▶ Assignment: What is needed is an exact reproduction of the lines in the records below, starting at the line with "Карандаш для губ" and ending at the line with "受铜价飙升和板块轮动影响,泰", both included, and nothing else; pictures stay out.

────────────────────

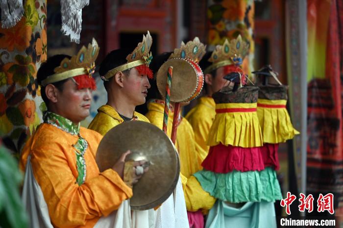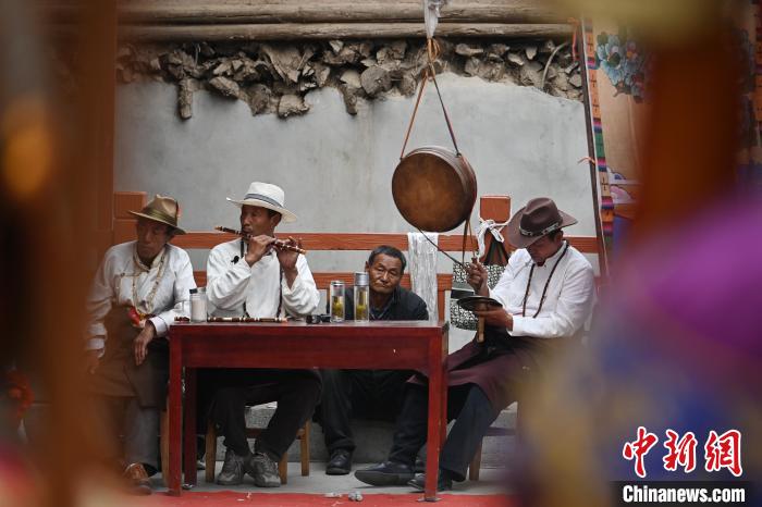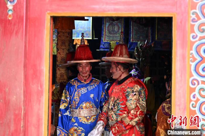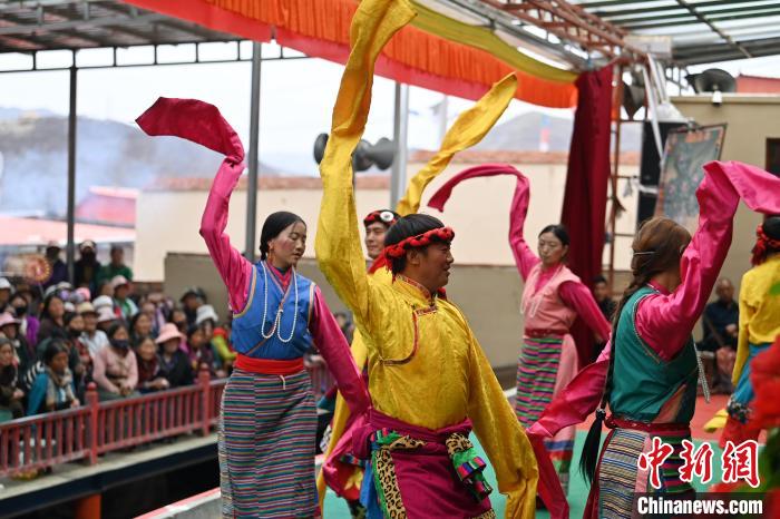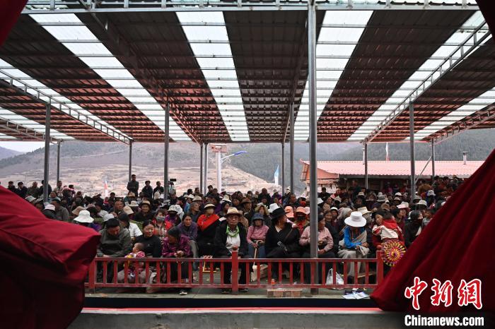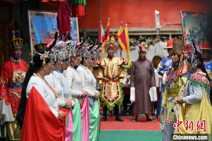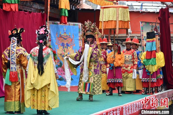 5月7日,在甘肃甘南藏族自治州碌曲县双岔镇二地村,当地村民演绎传统八大藏戏之一的‌《诺桑王子》‌。中新社记者 九美旦增 摄
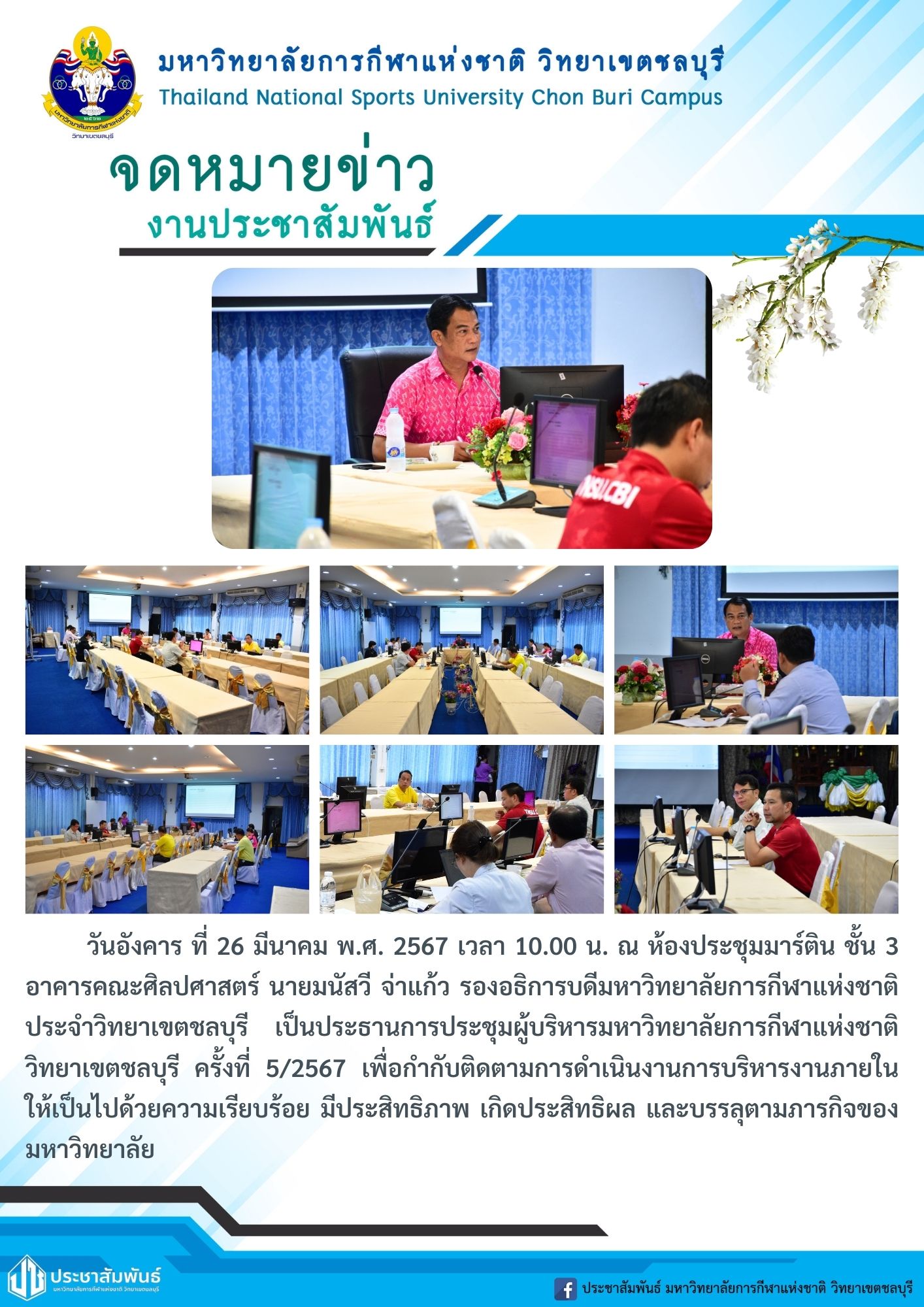 วันอังคาร ที่ 26 มีนาคม พ.ศ. 2567 เวลา 10.00 น. ณ ห้องประชุมมาร์ติน ชั้น 3 อาคารคณะศิลปศาสตร์ นายมนัสวี จ่าแก้ว รองอธิการบดีมหาวิทยาลัยการกีฬาแห่งชาติ ประจำวิทยาเขตชลบุรี เป็นประธานการประชุมผู้บริหารมหาวิทยาลัยการกีฬาแห่งชาติ วิทยาเขตชลบุรี ครั้งที่ 5/2567 เพื่อกำกับติดตามการดำเนินงานการบริหารงานภายใน ให้เป็นไปด้วยความเรียบร้อย มีประสิทธิภาพ เกิดประสิทธิผล และบรรลุตามภารกิจของมหาวิทยาลัย
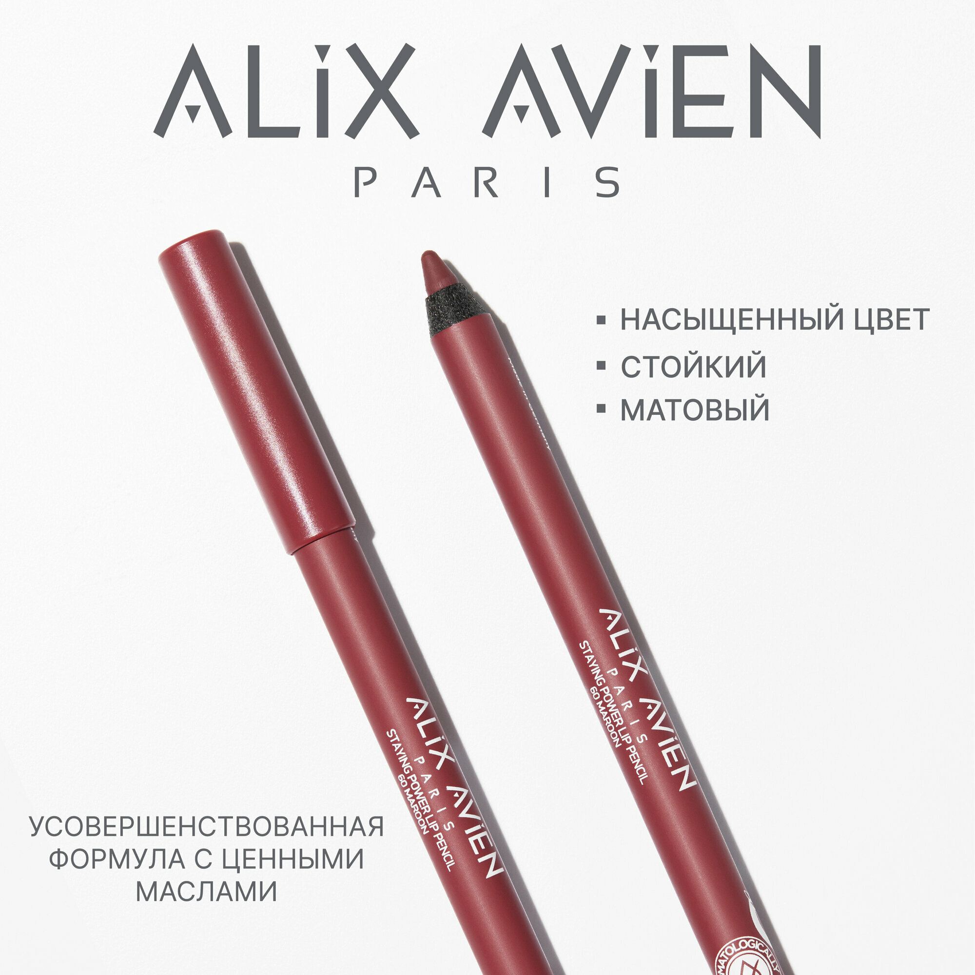Карандаш для губ ALIX AVIEN тон № 60 винный, стойкий, матовый информация:
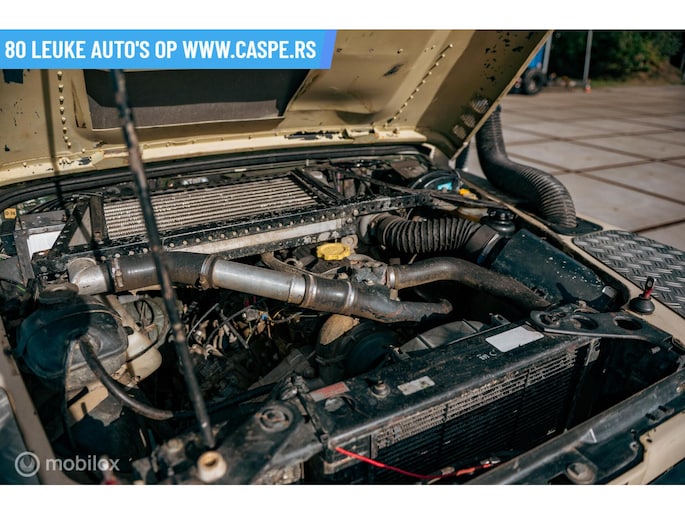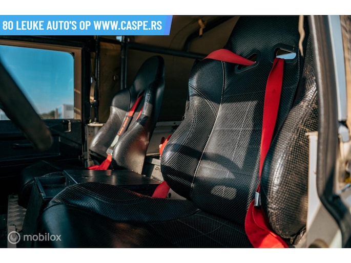 Deze speciaal geprepareerde Defender is origineel van 1987 maar pas voor het eerst met een Nederlands kentenen geleverd 1999 en is daardoor een Youngtimer, die is uitgerust met een oersterke viercilinder dieselmotor waardoor deze betrouwbaarder en gemakkelijker te repareren in het terrein wegens minder electronica. Met behulp van een goede tune en met een grotere intercooler in het mulle zand exact even snel is als een standaard originele Td5.
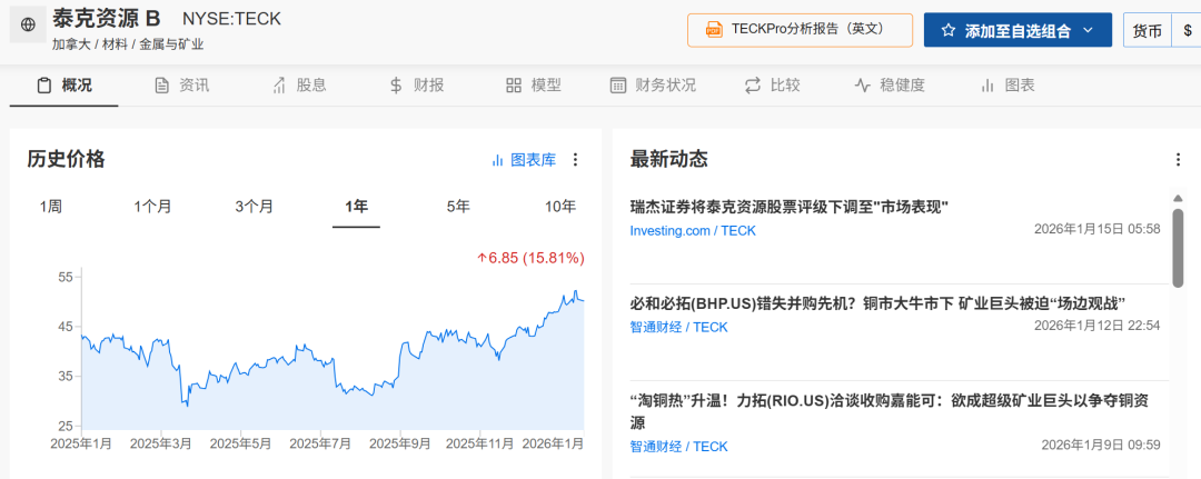 受铜价飙升和板块轮动影响,泰克资源股价2026年以来年内涨幅约5%,创52周新高。
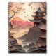 A beautiful brown xxx spiral photo notebook a paper cutout scene depicting ancient Chinese building, trees, mountains and lake.
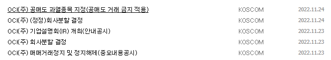 - 누적 공매도 금액은 3,500억으로 추산되며 이는 OCI 시총 2조 2,800억 대비 15.5%에 해당
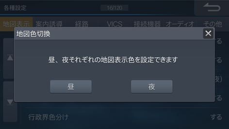 本機は画面を見やすくするため、昼画面と夜画面を切りかえることができます。昼、夜それぞれの地図表示色を4 種類から選択できます(初期設定値は、昼「標準(昼)」、夜「標準(夜)」)。

────────────────────

▶ Reply to the task:
Карандаш для губ ALIX AVIEN тон № 60 винный, стойкий, матовый информация:
 Deze speciaal geprepareerde Defender is origineel van 1987 maar pas voor het eerst met een Nederlands kentenen geleverd 1999 en is daardoor een Youngtimer, die is uitgerust met een oersterke viercilinder dieselmotor waardoor deze betrouwbaarder en gemakkelijker te repareren in het terrein wegens minder electronica. Met behulp van een goede tune en met een grotere intercooler in het mulle zand exact even snel is als een standaard originele Td5.
 受铜价飙升和板块轮动影响,泰克资源股价2026年以来年内涨幅约5%,创52周新高。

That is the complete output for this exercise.